When I was in grammar school about once a week the teacher would hand out a little yellow song book. We used that same book for 8 years. From that book we sang Rubin,Rubin I've been thinking.Row Row Row your boat and a favorite of all my teachers who were mostly Italian we sang Santa Lucia.


----------



## Falcon (Feb 27, 2018)

The Scotch  Marines  went over the top parlez  vous.
The Scotch  Marines  went  over the top  parlez  vous.
The Scotch Marines  went over  the top they thought they heard a nickel  drop..
Inky  dinky  parlez  vous.


----------



## James (Feb 27, 2018)

Just a few verses...

A frog went a-courtin' and he did ride, M-hm, M-hm.
A frog went a-courtin' and he did ride,
Sword and pistol by his side, M-hm, M-hm.

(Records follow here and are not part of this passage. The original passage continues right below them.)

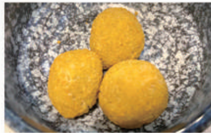
164. OLIVE FRITTI 1,3. € 5,00
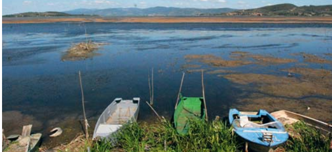
Het Trasimeense meer.
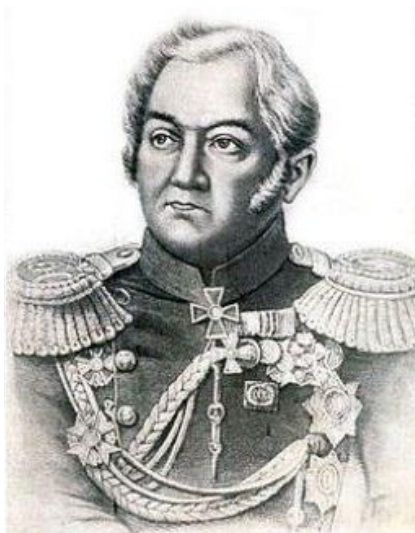
Михайло Лазарєв (1788-1851)

He rode up to Miss Mousie's door, M-hm, M-hm,
He rode up to Miss Mousie's door,
Where he'd often been before, M-hm, M-hm.

He said, "Miss Mouse, are you within?" M-hm, M-hm,
He said, "Miss Mouse, are you within?"
"Yes, kind sir, I sit and spin." M-hm, M-hm.

He took Miss Mouse upon his knee, M-hm, M-hm,
He took Miss Mouse upon his knee
Said "Miss Mouse, will you marry me?" M-hm, M-hm.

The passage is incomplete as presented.